* _DATA_
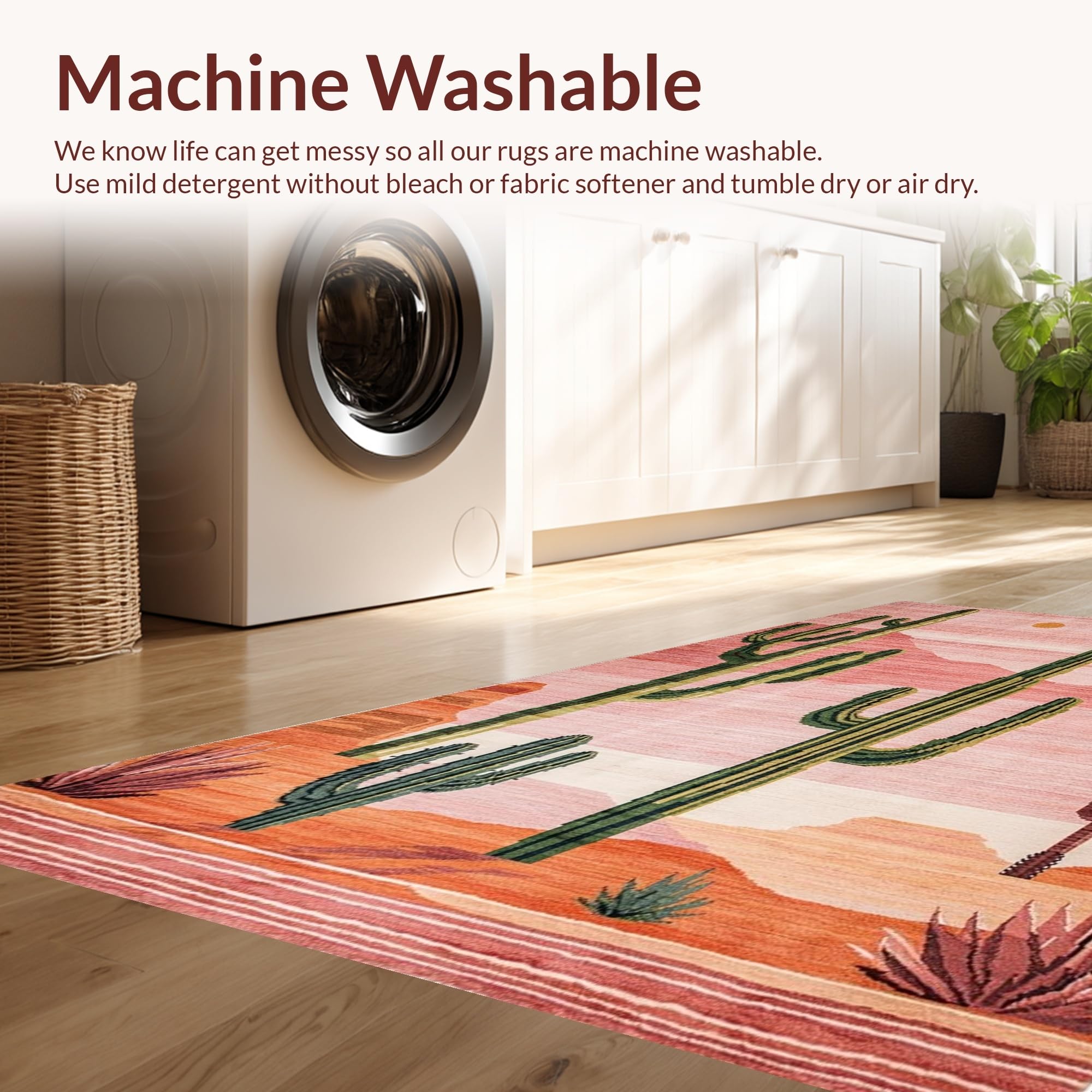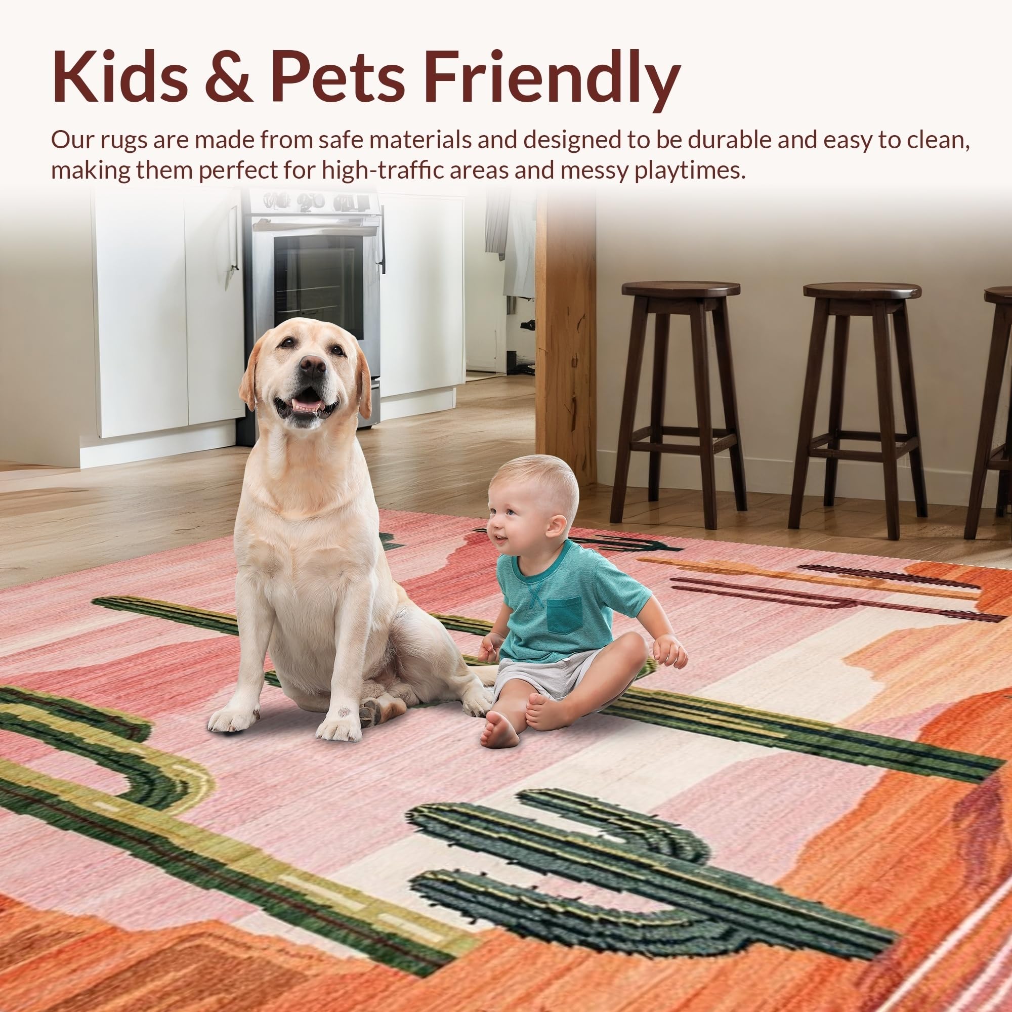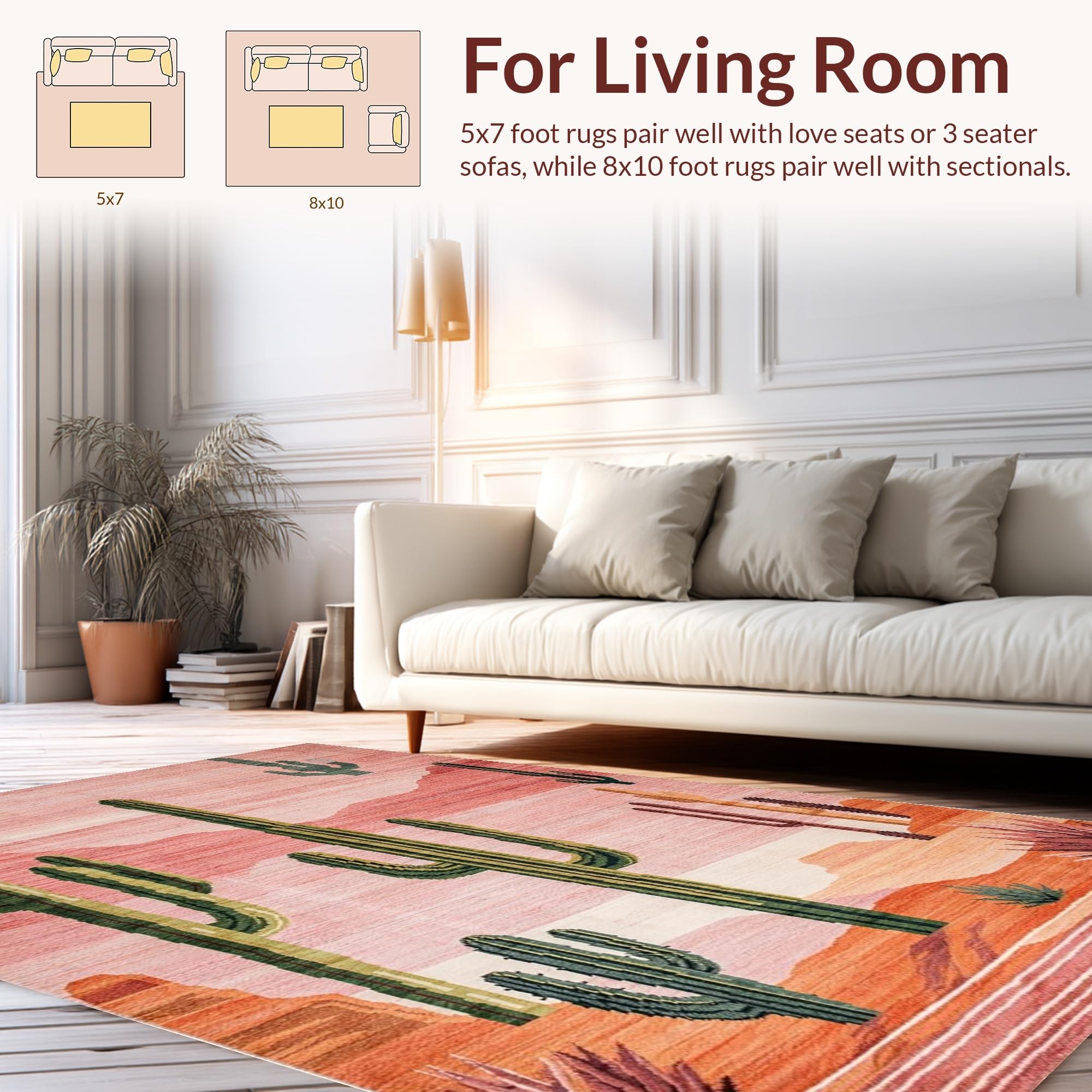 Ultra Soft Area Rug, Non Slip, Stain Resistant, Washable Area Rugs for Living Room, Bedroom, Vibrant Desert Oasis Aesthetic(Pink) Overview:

...

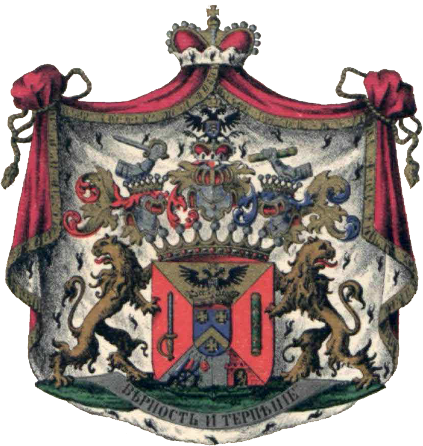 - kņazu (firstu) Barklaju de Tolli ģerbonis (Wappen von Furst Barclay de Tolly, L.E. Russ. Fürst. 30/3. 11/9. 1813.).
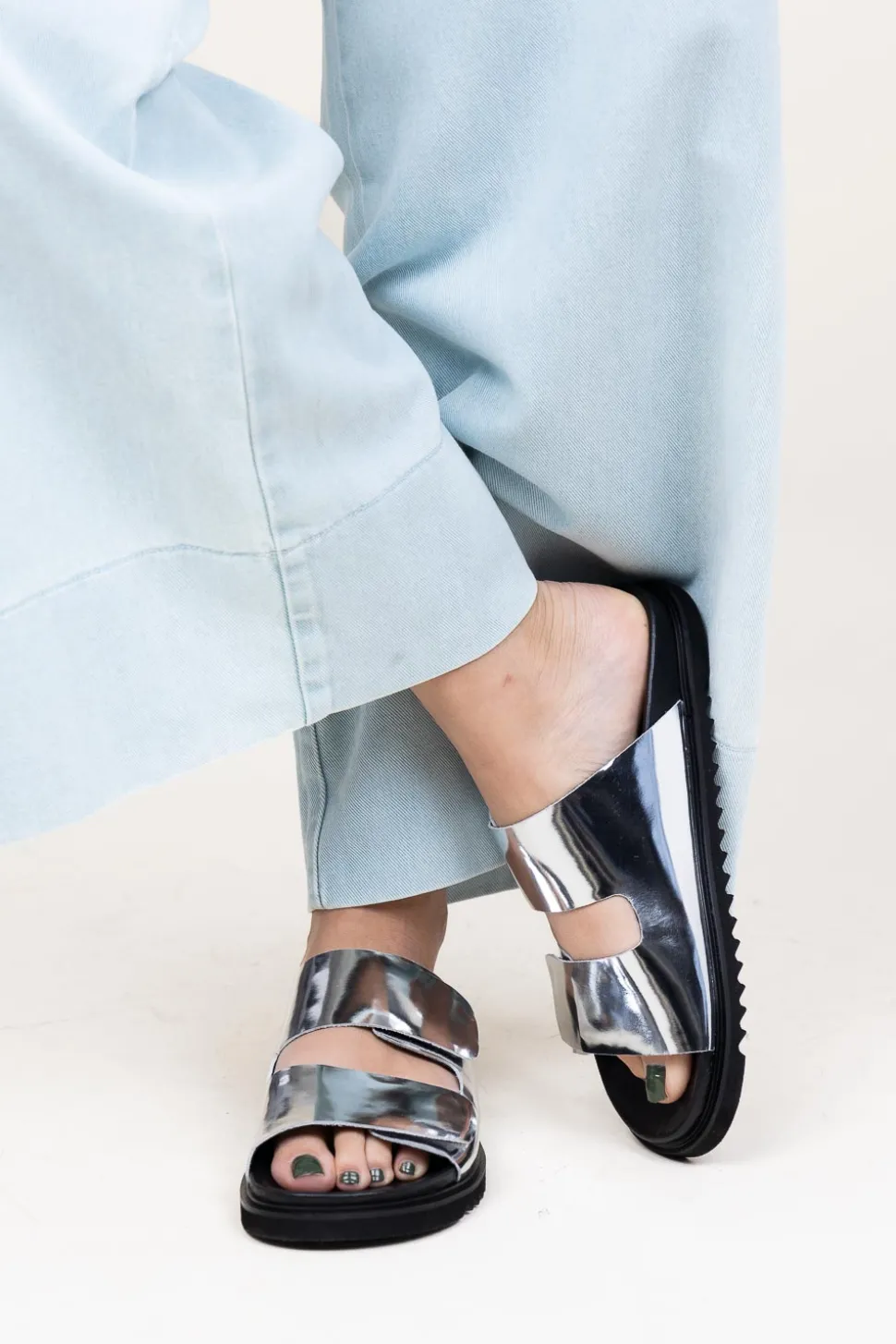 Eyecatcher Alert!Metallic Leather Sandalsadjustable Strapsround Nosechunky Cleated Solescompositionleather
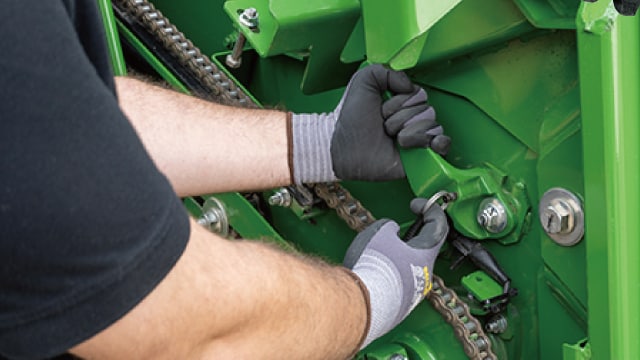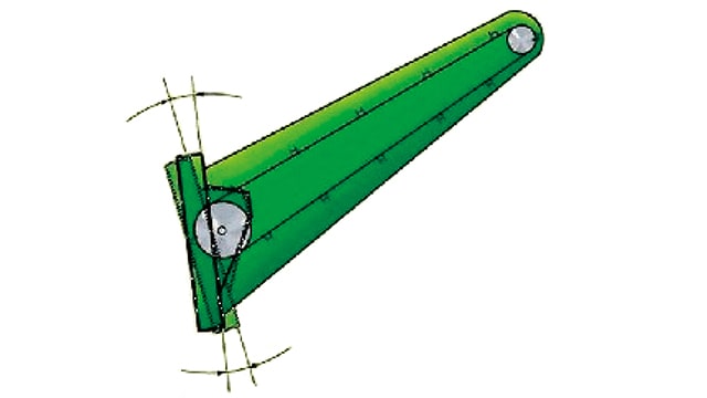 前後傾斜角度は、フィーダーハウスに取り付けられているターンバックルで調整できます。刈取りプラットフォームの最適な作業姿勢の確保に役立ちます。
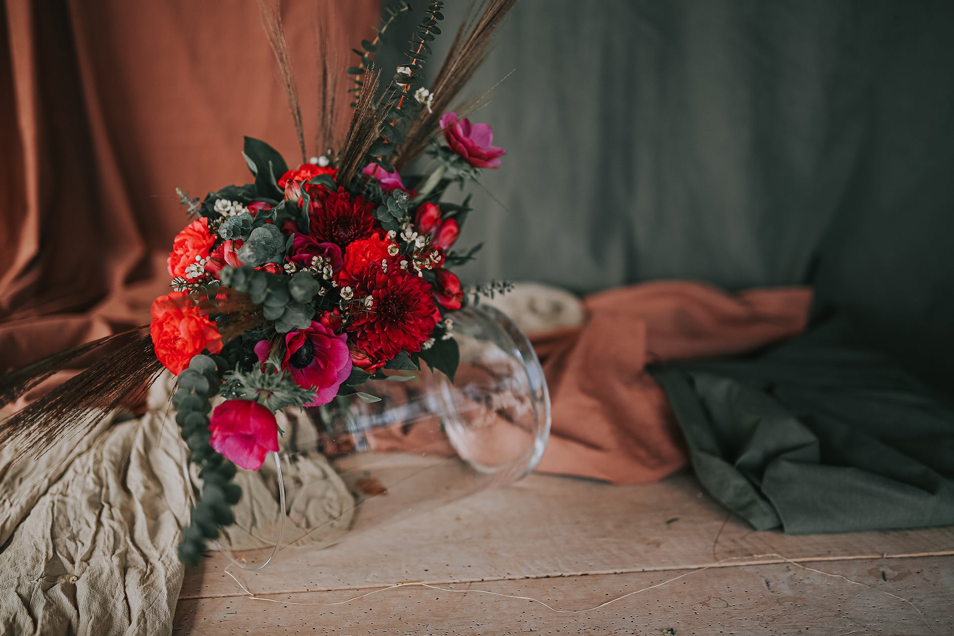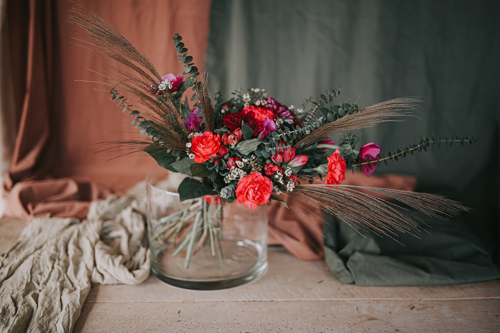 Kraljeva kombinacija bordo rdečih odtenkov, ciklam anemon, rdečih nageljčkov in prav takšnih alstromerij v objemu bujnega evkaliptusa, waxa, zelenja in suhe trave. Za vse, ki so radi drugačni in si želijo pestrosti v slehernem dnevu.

* _EXERCISE REQUIREMENTS_
Every line from the one with "- kņazu (firstu)" through the one with "前後傾斜角度は、フィーダーハ" is to be reproduced exactly as written above, and the pictures are to be dropped.

* _RESULT OF THIS EXERCISE_
 - kņazu (firstu) Barklaju de Tolli ģerbonis (Wappen von Furst Barclay de Tolly, L.E. Russ. Fürst. 30/3. 11/9. 1813.).
 Eyecatcher Alert!Metallic Leather Sandalsadjustable Strapsround Nosechunky Cleated Solescompositionleather
 前後傾斜角度は、フィーダーハウスに取り付けられているターンバックルで調整できます。刈取りプラットフォームの最適な作業姿勢の確保に役立ちます。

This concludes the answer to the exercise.